Dr. Flores-Mireles was appointed to the faculty of University of Notre Dame in 2018 as the Hawk Family Assistant Professor of the Department of Biological Sciences.

During her Postdoctoral training with Dr. Scott Hultgren and Dr. Michael Caparon at Washington University School of Medicine, she developed an interest in infectious diseases in the urinary tract. Her work understanding Enterococcus faecalis catheter-associated urinary tract infection (CAUTI) led her to discover that urinary catheterization in both mice and humans elicits bladder inflammation, resulting in the release of fibrinogen (Fg) into the bladder lumen which then becomes deposited onto the catheter. They found that the released Fg is critical for E. faecalis pathogenesis since Fg is used as a nutrient and exploits the Fg-coated catheters to form biofilms.

They unveiled that E. faecalis expresses a Fg-binding adhesin, EbpA, that tips the Ebp pilus, which binds directly to Fg via its N-terminal domain (EbpA^NTD) and this interaction is critical for the formation of catheter-associated biofilms. They were able to translate this work by showing that Enterococcus strains require Fg for catheter colonization in humans and that vaccination with EbpA^NTD protects against CAUTI. They also showed that passive immunization with anti-EbpA^NTD antibodies is effective both as a prophylactic and as a therapy for the reduction of bacterial titers. This therapy was also protective against a broad range of urinary tract, bloodstream, and GIT enterococcal clinical strains, which included E. faecalis, E. faecium, and VRE.

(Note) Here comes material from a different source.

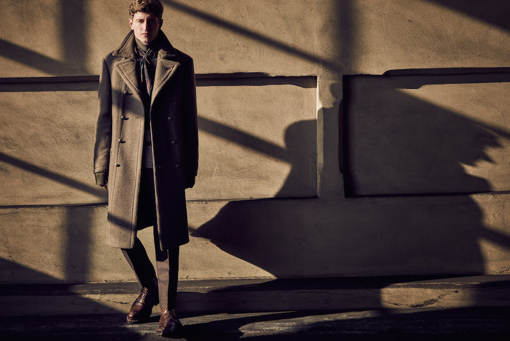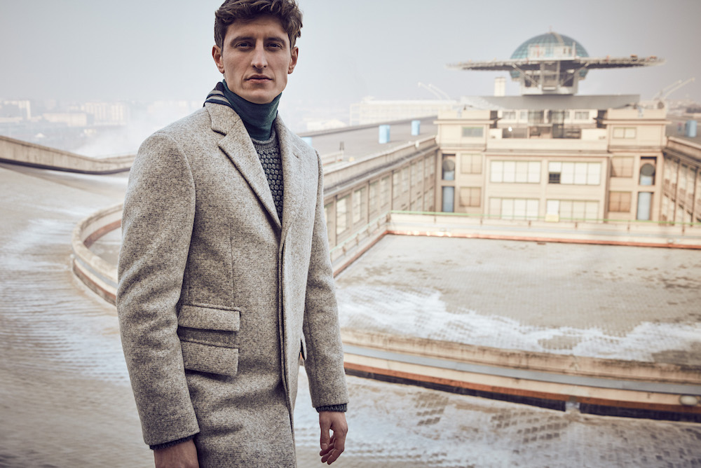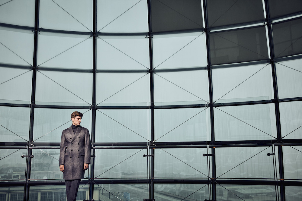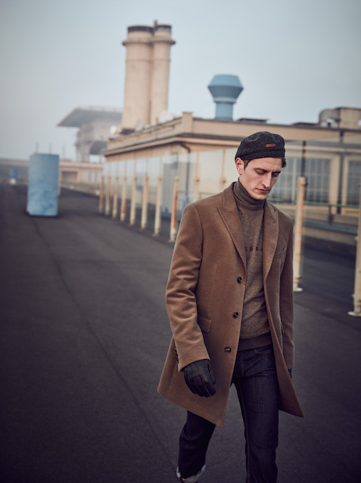 Sophisticated textures mingle with winter layering at BALDESSARINI fw17. The fall campaign, rich with architectural references highlight slim silhouettes for the modern gentleman. Denim, outerwear and fine gauge knits complement the earthy and dark neutral color palette.

Importantly, they found that E. faecalis is not the only uropathogen that exploits fibrinogen such as S. aureus, E. coli, A. baumanni, C. albicans among others. Furthermore, inflammation not only contributes to infection but it has been shown that prolonged inflammation due to long-term catheterization is linked to proliferative pathological conditions. As an independent investigator, her laboratory research goals are to understand in detail how urinary catheterization-induced inflammation renders the host susceptible to microbial infection of the urinary tract and subsequent dissemination, as well as to understand the relationship between catheterization and inflammation-induced bladder cancer and whether infection plays a role in it. Understanding the role of inflammation on the development of CAUTI and cancer development will allow them to inform future catheterization guidelines focusing on reducing inflammation, providing a quality of life to those patients that require long-term urinary catheterization at the same time that it minimizes the risk for cancer development.